▶ [Problem details] Beginning at the line that mentions "第2分钟,中国队左路传中,武", retype the rest of the records below exactly. Pictures are not part of the copy.
+ + + +
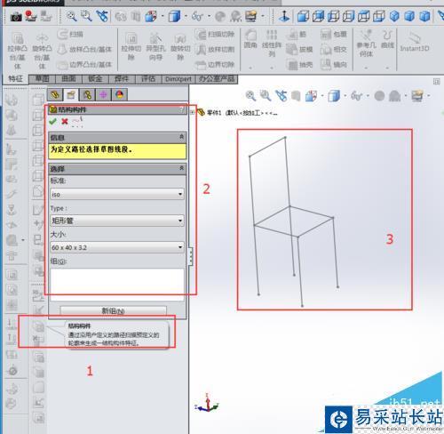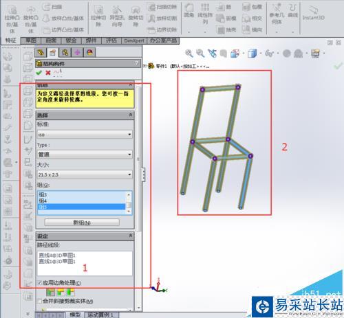 6、退出之后選擇結(jié)構(gòu)構(gòu)件,選擇需要的標(biāo)準(zhǔn)。(之后的經(jīng)驗會出自己定義設(shè)置結(jié)構(gòu)構(gòu)件)。選完之后直接點(diǎn)選3d草圖的線條就行。點(diǎn)選不了就換新組。(注意組與組的分離,以后的焊接清單中會用到,也能拆分成單個零件便于工程圖輸出)
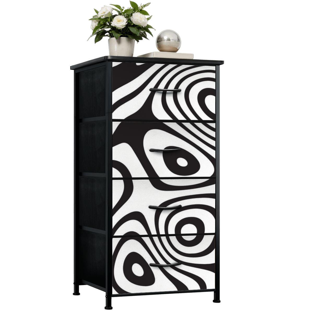 Tall 4-Drawer Retro Dresser: Black & White Fabric Storage Cabin...
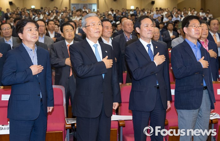 (서울=포커스뉴스) 5일 오후 서울 여의도 국회 의원회관에서 열린 더불어민주당 당대표 선출을 위한 예비경선대회에 참석한 노웅래(앞줄 왼쪽부터) 선거관리위원장, 김종인 비대위 대표, 우상호 원내대표, 양승조 비대위원 등이 국기에 대한 경례를 하고 있다.
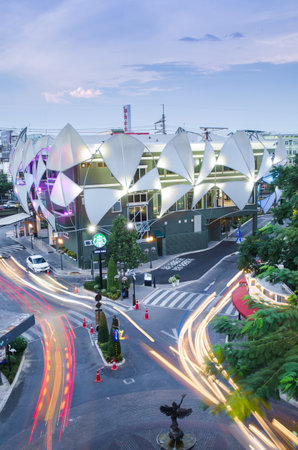 Editorial: Bangkok City, Thailand, 26th March 2017. Starbucks Coffee is the popular coffee shop in the world with city scape from high view and customer car park with long exposure at night in Bangkok Thailand.
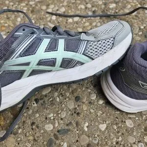 Experience comfort and style with the ASICS Women's Gel-Contend 4 Running Shoes. Featuring a sleek gray design with mint accents, these shoes offer excellent support for your daily runs.
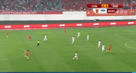 第2分钟,中国队左路传中,武磊胸部停球获得面对塞尔维亚门将斯托伊科维奇的机会,但武磊的最后一停过大,未能形成射门。
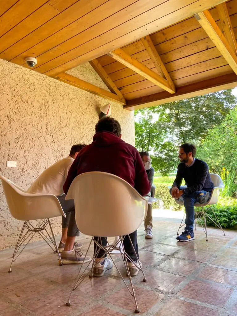Giornata Dayteam per il team di dirigenti di un’azienda di Web Marketing. Tavolo da lavoro, proiettore e lavagna ma anche le passeggiate nel parco, il pranzo con gli stuzzichi, i vari breaks ed infine l’aperitivo serale con Angus, caponatina e baccalà. Il founder lo abbiamo beccato in call a cavalcioni di un pezzo Magis in mezzo al nulla. Ed ha fatto bene. Questo è lo spirito di Villa Bornello quando dedicata agli eventi aziendali.
+ + + +
▶ [Exercise result]
 第2分钟,中国队左路传中,武磊胸部停球获得面对塞尔维亚门将斯托伊科维奇的机会,但武磊的最后一停过大,未能形成射门。
Giornata Dayteam per il team di dirigenti di un’azienda di Web Marketing. Tavolo da lavoro, proiettore e lavagna ma anche le passeggiate nel parco, il pranzo con gli stuzzichi, i vari breaks ed infine l’aperitivo serale con Angus, caponatina e baccalà. Il founder lo abbiamo beccato in call a cavalcioni di un pezzo Magis in mezzo al nulla. Ed ha fatto bene. Questo è lo spirito di Villa Bornello quando dedicata agli eventi aziendali.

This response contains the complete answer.